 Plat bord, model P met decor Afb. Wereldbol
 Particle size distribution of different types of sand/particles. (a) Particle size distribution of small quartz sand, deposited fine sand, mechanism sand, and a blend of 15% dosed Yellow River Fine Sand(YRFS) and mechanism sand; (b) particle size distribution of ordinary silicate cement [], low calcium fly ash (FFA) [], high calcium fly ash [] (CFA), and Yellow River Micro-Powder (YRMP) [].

* * *

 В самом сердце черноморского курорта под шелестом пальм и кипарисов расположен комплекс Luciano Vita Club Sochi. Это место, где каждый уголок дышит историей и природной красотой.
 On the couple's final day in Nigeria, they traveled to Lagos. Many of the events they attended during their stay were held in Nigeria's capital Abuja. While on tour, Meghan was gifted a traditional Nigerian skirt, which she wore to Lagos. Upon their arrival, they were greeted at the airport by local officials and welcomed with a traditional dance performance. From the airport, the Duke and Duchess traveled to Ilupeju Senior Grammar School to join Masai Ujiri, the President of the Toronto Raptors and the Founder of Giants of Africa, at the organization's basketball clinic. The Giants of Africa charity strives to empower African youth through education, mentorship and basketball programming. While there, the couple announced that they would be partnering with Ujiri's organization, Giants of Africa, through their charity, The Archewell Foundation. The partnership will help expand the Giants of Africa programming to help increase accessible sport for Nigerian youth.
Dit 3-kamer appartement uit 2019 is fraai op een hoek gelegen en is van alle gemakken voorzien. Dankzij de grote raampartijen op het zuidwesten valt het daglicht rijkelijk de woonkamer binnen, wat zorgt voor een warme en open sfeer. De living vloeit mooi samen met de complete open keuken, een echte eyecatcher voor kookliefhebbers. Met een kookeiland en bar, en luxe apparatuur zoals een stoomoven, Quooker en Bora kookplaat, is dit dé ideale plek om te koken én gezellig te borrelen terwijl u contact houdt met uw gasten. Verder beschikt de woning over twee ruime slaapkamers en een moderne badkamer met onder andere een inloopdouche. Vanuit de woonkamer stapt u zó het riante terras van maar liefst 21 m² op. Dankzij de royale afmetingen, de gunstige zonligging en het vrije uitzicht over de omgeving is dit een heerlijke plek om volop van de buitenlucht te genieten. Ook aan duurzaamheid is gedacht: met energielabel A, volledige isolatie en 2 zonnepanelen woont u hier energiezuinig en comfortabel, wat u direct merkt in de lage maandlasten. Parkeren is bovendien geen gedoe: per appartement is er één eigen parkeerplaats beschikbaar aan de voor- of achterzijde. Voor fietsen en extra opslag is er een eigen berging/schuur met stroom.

**DIRECTIONS FOR THIS TASK:** Copy the stretch of the records above that runs from the line with "Plat bord, model P met decor Afb. Wereldbol" through the line with "Particle size distribution of different". Both end lines belong in the copy, and nothing else does.

**OUTPUT OF THE EXERCISE:**
 Plat bord, model P met decor Afb. Wereldbol
 Particle size distribution of different types of sand/particles. (a) Particle size distribution of small quartz sand, deposited fine sand, mechanism sand, and a blend of 15% dosed Yellow River Fine Sand(YRFS) and mechanism sand; (b) particle size distribution of ordinary silicate cement [], low calcium fly ash (FFA) [], high calcium fly ash [] (CFA), and Yellow River Micro-Powder (YRMP) [].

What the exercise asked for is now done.